In general, a generator is a special routine that can be used to control the iteration behaviour of a loop. A generator is similar to a function returning an array. A generator has parameters, it can be called and it generates a sequence of numbers. But unlike functions, which return a whole array, a generator yields one value at a time. This requires less memory. (Wikipedia)

Generators in Python:

Let's look at an generator example.

#!/usr/bin/python

# generator.py


def gen():
   x, y = 1, 2
   yield x, y
   x += 1
   yield x, y


it = gen()

print it.next()
print it.next()

try:
   print it.next()
except StopIteration:
   print "Iteration finished"

As we can see, a generator is defined with a def keyword, just like normal functions. We use two yield keywords inside the body of a generator. Now it is important to understand, how actually the yield keyword works. It exits the generator and returns a value. Next time the next() function of an iterator is called, we continue on the line following the yield keyword. Note that the local variables are preserved throughout the iterations. When there is nothig left to yield, a StopIteration exception is raised.

$ ./generator.py 
(1, 2)
(2, 2)
Iteration finished

The following example we will calculate fibonacci numbers.
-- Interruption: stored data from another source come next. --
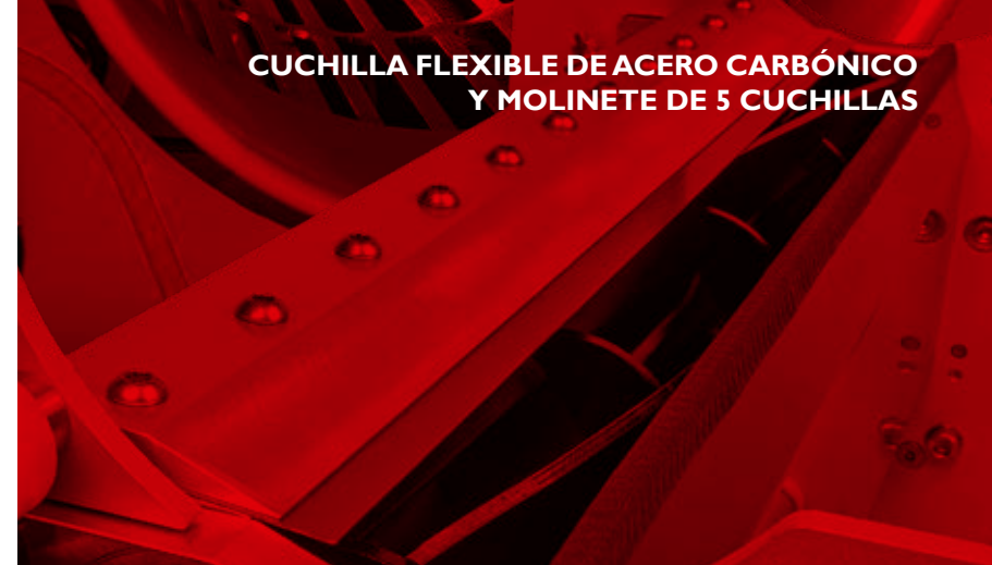
CUCHILLA FLEXIBLE DE ACERO CARBÓNICO Y MOLINETE DE 5 CUCHILLAS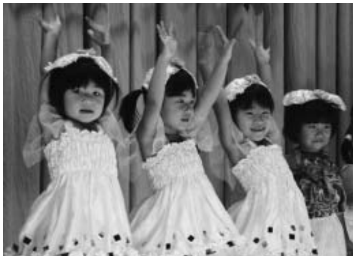
かわいらしい衣装を着て決めのポーズ!

発表は0歳児~1歳児による自己紹介で幕を明け、一人ひとり名前が呼ばれると、大きな声で返事をしていました。また、園児たちは元気に歌を歌った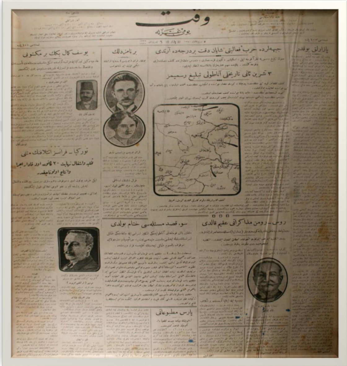
Vakit gazetesinde TBMM Hükümeti ile Fransa Hükümeti arasında 20 Ekim 1921’de imzalanan Ankara Antlaşması’nın Resmî Metni. Vakit , 6 Teşrîn-i sâni (Kasım) 1921 (1337), Numara 1404, s 1-2..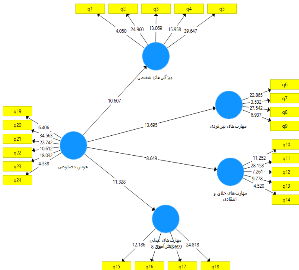
شکل ۲. تحلیل عاملی تاییدی (آماره t-value)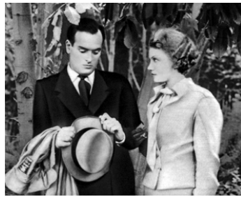
1934 LA DAME DE TOUT LE MONDE (La Signora di tutti) de Max Ophüls avec Isa Miranda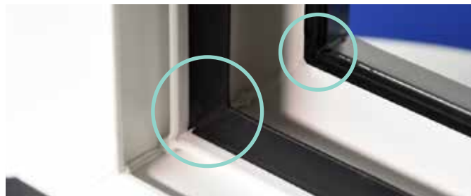
Fig. 2: Alle dichtingen of rubbers worden samen met het pvc-profiel geëxtrudeerd. Bij het samenstellen van de profielen tot een raam worden de rubbers mee gelast. Resultaat: perfecte wind- en waterdichtheid!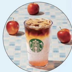
📍 星巴克「蘋果山茶花風味氣泡美式」

咖啡愛好者不妨嘗試帶有明亮水果香氣的品項，例如 Starbucks 的「檸檬冷萃咖啡」與「蘋果山茶花風味氣泡美式」，或是都可 CoCo 的「西西里手搗檸檬美式」，香純的咖啡無論搭配微酸的鮮搗檸檬、清甜的蘋果山茶醬，或是爽口的氣泡，都讓人精神為之一振。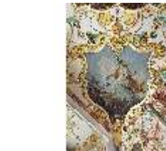
KemRes.II, Audienzzimmer, Eckkartusche, DI015580, BSV-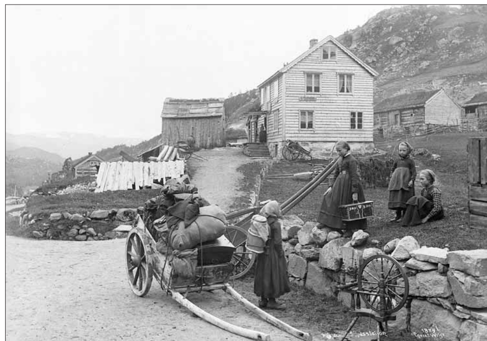
Skysstasjonen på Seljestad høyrer til generasjonen for turisthotella. Foto frå 1880-åra.

Dei fleste av desse fantastiske og største hotella i Noreg låg i Hordaland. Mellom desse var det først og fremst det andre HOTEL HARDANGER i Odda – som stod heilt fram til 1977 (@398) – det andre, tredje og fjerde STALHEIM HOTEL – som brann i 1959 (@354) – og FLEISCHERS HOTEL (@346) på Voss; eitt av dei få sveitserstilhotella i Noreg framleis i full drift, som merkte seg ut. Mange av hotella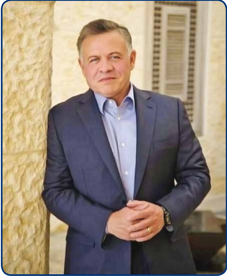
حضرة صاحب الجلالة املك عبدالله الثاني ابن الحسين المعظم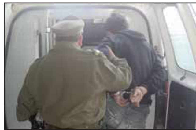
El imputado fue detenido por Carabineros del Retén de Curimón la tarde de este viernes. (Foto Referencial).

Deceso se produjo la tarde de este sábado: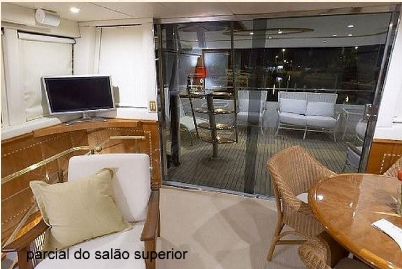
parcial do salão superior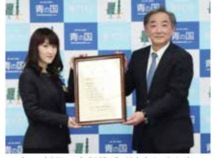
榎屋村長に表彰状が手渡されました

また、12月17日には、第 36回村交通安全ポスター コンクールの表彰式が、役 場3階大会議室で行われ ました。安全教育の一環と して、小中学生に交通安全 の意識を高めてもらう目 的で行っている同コン クールの今年度は横断歩道 の安全な渡り方や飲酒運 転の撲滅などに関するポ スターを描いた小中学生 14人が表彰されました。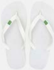
CHINELO TB MASC BRASIL BRANCO

CÓD. UN./KG CX. 371049/391049 ***** 12 UN 411049/431049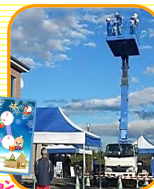
12月バージョン 工事車両乗車体験

① 現在、イベントの開催予定はありませんが、コロナ収束後、みなさんからのアンケート結果をもとに、楽しいイベントを計画していきたいと思っております。まってね♪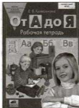
пособие. «От Адо Я». Рабочая тетрадь для детей 5—6 лет.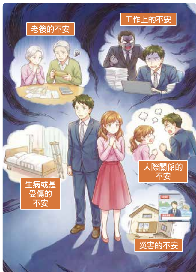
雖然我們渴望安心地生活，但人生卻充滿不安。

會擔心「萬一大火延燒到自己家，也陷入一片火海的話該怎麼辦」，像這樣感到不安。在這個時候，不會有人悠哉地說「我吃飯吃到一半，等吃完了再逃吧」或是「等我看完這一集電視劇，再來準備滅火」。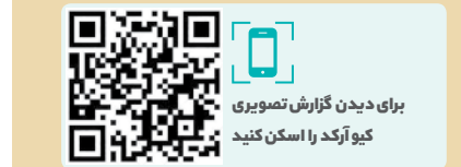
برای دیدن گزارش تصویری کیو آرکد را اسکن کنید

یکی از ویژگی‌های متمایز سریال تاریخی «چشن سربرون» حضور بازیگرانی از نسل‌های متفاوت است. راعی برای ساخت این سریال، هم سراغ بازیگران پیشکسوت رفته و هم بازیگران جوان‌تر. ضمن این‌که او از بازیگرانی هم کمتر تجربه جلو دوربین هم داشته‌اند، انتخاب کرده است. در مجموع با نگاهی به سریال چشن سربرون خواهیم دید که بازیگرانی از نسل‌های مختلف حضور دارند که باعث شده تا این مجموعه تاریخی خوش‌آب‌ورنگ شوند و بیشتر مورد توجه مخاطبان قرار بگیرد.

The first number of the sequence is 0, the second number is 1, and each subsequent number is equal to the sum of the previous two numbers of the sequence itself.

#!/usr/bin/python

# fibonacci.py

import time
import sys

def fib():
   a, b = 0, 1
   while True:
      yield b
      a, b = b, a + b


iter = fib()

try:
   for i in iter:
      print i,
      time.sleep(1)
      sys.stdout.flush()
except KeyboardInterrupt:
   print "Calculation stopped"

The script will continuously print fibonacci numbers to the console.

In this chapter, we have covered iterators and generators in Python.